Main Loop Session and Search Policy for Automated Theory Construction

Overview

Note: This section documents newly introduced design considerations as part of ongoing progress in the system.

The search loop in automated theory construction tends to exhibit a strong bias toward generating transformed statements derived from existing theorems, including generalizations and technical lemmas. While such statements are useful for extracting local properties of a theory, they do not necessarily contribute to a unified or compressed global structure.

To address this limitation, we introduce a main-loop session centered around identifying and proving structurally significant theorems (“main theorems”). This mechanism is designed to periodically reorganize and compress the accumulated theory.


Main-Loop Session

The main-loop session operates as follows:

  1. Trigger Condition Every time N new lemmas are added to Derived.lean, a main-theorem session is triggered.

  2. Candidate Suggestion The system analyzes Derived.lean and uses main_theorem_suggester.md to propose at most one candidate for a main theorem. Strict filtering criteria are imposed, and proposing no candidate is explicitly allowed.

  3. Proof Planning If a candidate is proposed, main_theorem_planner.md is used to construct a natural-language proof plan.

  4. Formalization Loop Based on .codex/agents.md and SKILL.md, the system attempts to formalize the theorem in Lean. The loop continues until all sorry placeholders are eliminated.

  5. Post-Success Expansion If formalization succeeds:

    • The theorem is appended to Derived.lean.
    • post_theorem_expander.md is invoked to generate five new open problems.

This process introduces periodic global restructuring pressure into the otherwise local search dynamics.


Pick-Up Policy (Open Problem Prioritization)

To improve search efficiency, we introduce a prioritization scheme for open problems.

Priority Levels

Each open problem is assigned one of three priority levels: high, medium, or low, determined by open_problem_prioritizer.md.

Core Rubric

  • high

    • Connects existing theorem clusters.
    • Gives a strong equivalence, characterization, or existence statement.
    • Looks likely to unlock many future problems or reorganize the theory.
  • medium

    • A natural local extension or useful nearby consequence.
    • Likely to help only one or two nearby problems.
  • low

    • Cosmetic variant, shallow restatement, obvious weakening, or low-utility statement in the current Derived.lean context.
    • Already looks effectively covered by current verified theorems up to a shallow reformulation.

Additional Policies

  • If an open problem fails twice, it is removed from the pool.
  • Priorities are periodically refreshed:

    • After every M new additions.
    • After each successful main-loop formalization.

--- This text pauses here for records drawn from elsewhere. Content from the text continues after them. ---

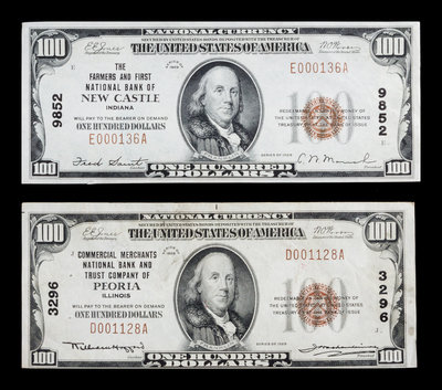 Two United States 1929 Type-1 $100 National Bank Notes
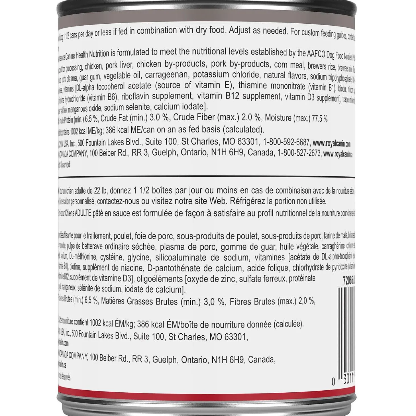 Royal Canin Canine Health Nutrition Loaf In Sauce Adult Dog Food features targeted nutrition to provide optimal levels of nutrients for the specific needs of adult dogs up to 8 years of age.
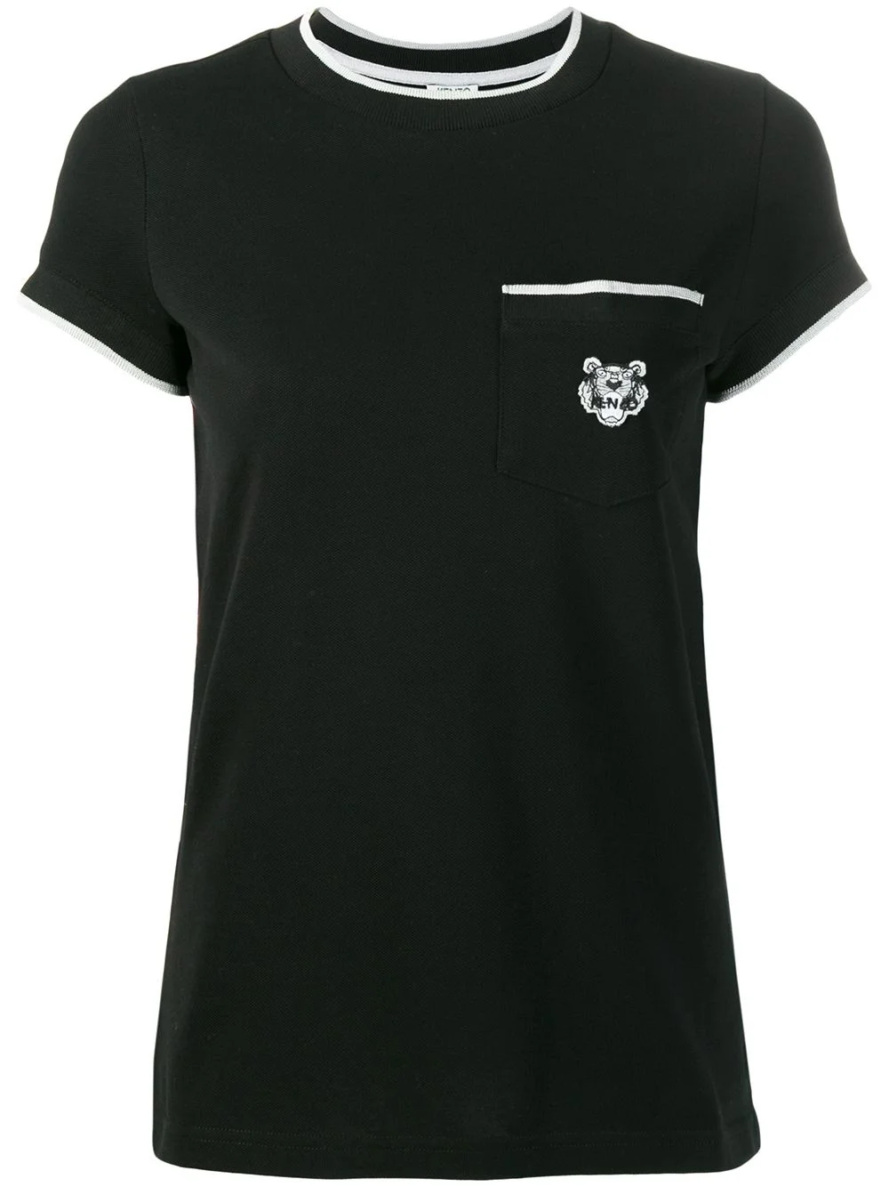 chest pocket T-shirt Japanese designer Kenzo Takada launched Kenzo in Paris in 1970. Today, under the creative direction of Opening Ceremony's Humberto Leon and Carol Lim, the label is as popular as ever thanks to its refreshed aesthetic. This black cotton chest pocket T-shirt from Kenzo features a ribbed round neck, short sleeves, a signature embroidered tiger to the chest, a straight hem and side slits. Imported Composition Cotton 100% SIZE & FIT FittingInformation This piece fits true to size. We recommend you get your regular size Cut for a relaxed fit Washing instructions Machine Wash
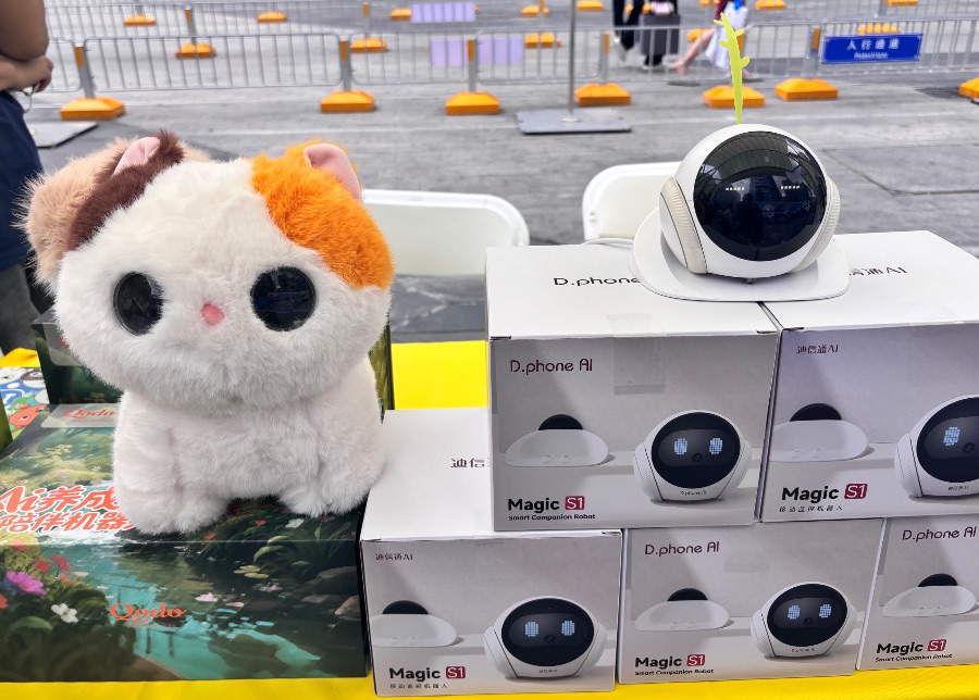 记者观察到,入选第二期“AI八骏”的迪信通Magic S1移动监控机器人,可通过手机客户端控制,实现全屋智能巡逻、异地语音陪伴、宠物互动、智能侦测报警等功能。企业展位前,机器人实时逗猫逗狗的功能尤为引人驻足关注。
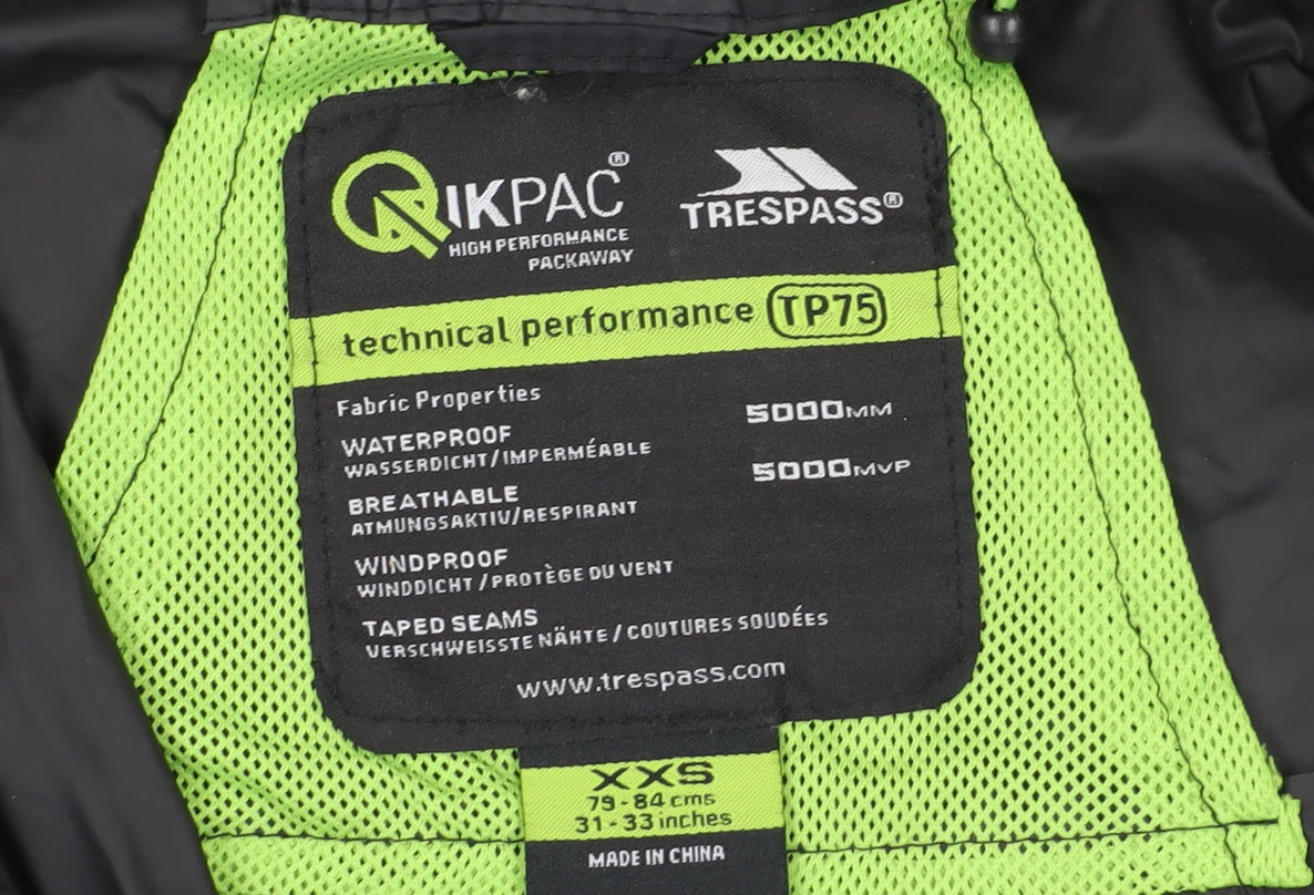 Trespass Men's Black Windbreaker Jacket 2XS Casual Outdoor

This prioritization ensures that computational resources are allocated toward structurally meaningful progress.


Scope and Generality

To improve general applicability, we relax the requirement that the system must always start strictly from axioms. However, to avoid drift during exploration, we impose the requirement that a core Lean theory file defining the domain must always be present.

This balance allows:

  • Controlled exploration within a defined domain.
  • Flexibility in incorporating partially structured or pre-existing theories.

Research Direction

The long-term objective of this framework is to:

  • Enable systematic rediscovery and exploration of niche or underdeveloped domains.
  • Revisit and restructure “mature” or seemingly exhausted areas of theory.
  • Improve usability and accessibility of automated theory construction systems.

By combining local search with periodic global restructuring, the system aims to produce theories that are not only larger, but also more coherent and interpretable.


Summary

The introduction of the main-loop session and prioritization policies transforms the search process from purely accumulative to structurally aware. Instead of merely growing Derived.lean, the system actively attempts to compress, reorganize, and elevate the theory through strategically selected main theorems.